The idea that Indigenous land or sea rights, OR environmental approvals, stops mineral or petroleum development happening is ludicrous when you stop and think about it, and the record shows it has never happened, has never come close to happening, and to my mind will never happen and could never happen.
ps. re your 'medium sized' point, wrong again, if that did happen it would be because the project is marginal. They might try and pin it on blackfellas but for reasons outlined above, it wouldn't wash, and I'm not aware of it ever happening. I'm aware of one medium/ smaller project that fell over, because it was marginal, a few years later price of ore went up, negotiations re-opened, deal done, big profits, everybodys happy. Projects live and die on profitability and the market, full stop.
There is this racist myth that blacks stop development. Thats all it is, a myth. Aboriginal landowners might want to protect their sacred sites and protect the environment, they might want to get some benefits from a big mine on their land, don't we all? and they do, but that has never stopped a development.
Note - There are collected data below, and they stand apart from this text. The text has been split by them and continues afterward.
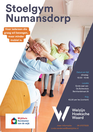 NUMANSDORP - Vanaf dinsdag 19 september bent u van harte welkom bij de lessen Stoelgym in Numansdorp. De Lessen worden gegeven door de beweegcoach van Welzijn Hoeksche Waard en in de maand september zijn de lessen gratis ter kennismaking (v.a. oktober €2,50 per les). Bent u minder mobiel, maar zou u toch graag willen bewegen? Meldt u dan nu aan bij Linda van der Wal, linda.vanderwal@welzijnhw.nl 06-82848467. De lessen zullen plaatsvinden in de grote zaal van Alerimus de Buitensluis, Bernhardstraat 25, op dinsdagen van 10.00 uur tot 10.45 uur. Aansluiten kan er gezellig samen koffie gedronken worden. Stoelgym Numansdorp is een samenwerking tussen Welzijn Hoeksche Waard en Huiskamer van de Wijk ‘Wijkhuis’.
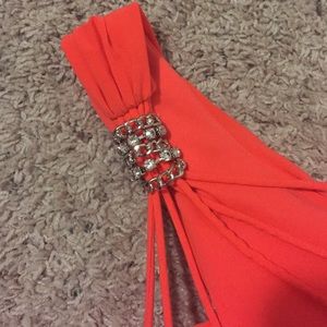 Carol Lin orange designer dress with silver embellishments. Size 10. Only wore once.
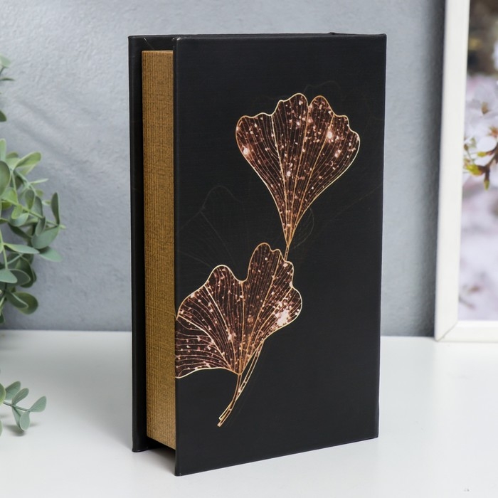 Сейф-книга дерево кожзам "Золотые лепестки на чёрном" 21х13х5 см
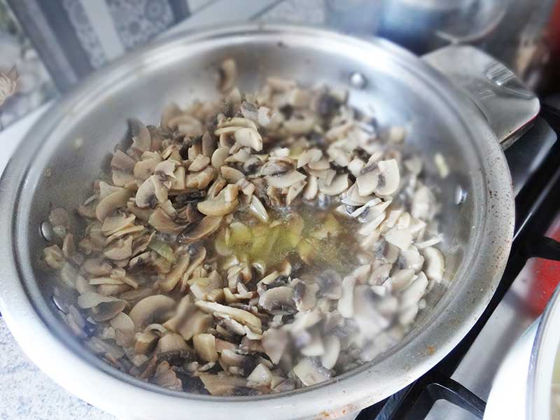 3. Acum trebuie să îngroșăm sosul și pentru a face acest lucru folosim făină sau amidon. Pentru a evita formarea de cocoloașe trebuie să dizolvăm amidonul în prealabil, în puțină apă. Turnăm amidonul dizolvat peste ciuperci, adăugăm și restul de apă după care lăsăm totul să fiarbă, până când sosul se îngroașă. La final adăugăm smântâna.

As for the Santos "logjam fears" its one-sided bulldust AFAIC, and I could back it up with hard facts and data, some of which are alluded to above. All Santos has to do is lift their game on community consultation, thats it! That is al they have to do to get rid of this "logjam". They were slack, as the Fed court found. Just get fair dinkum. Its not rocket science. But they are sooking and whinging and carrying on. And with a 60% no vote in their minds, they will, sadly, continue to.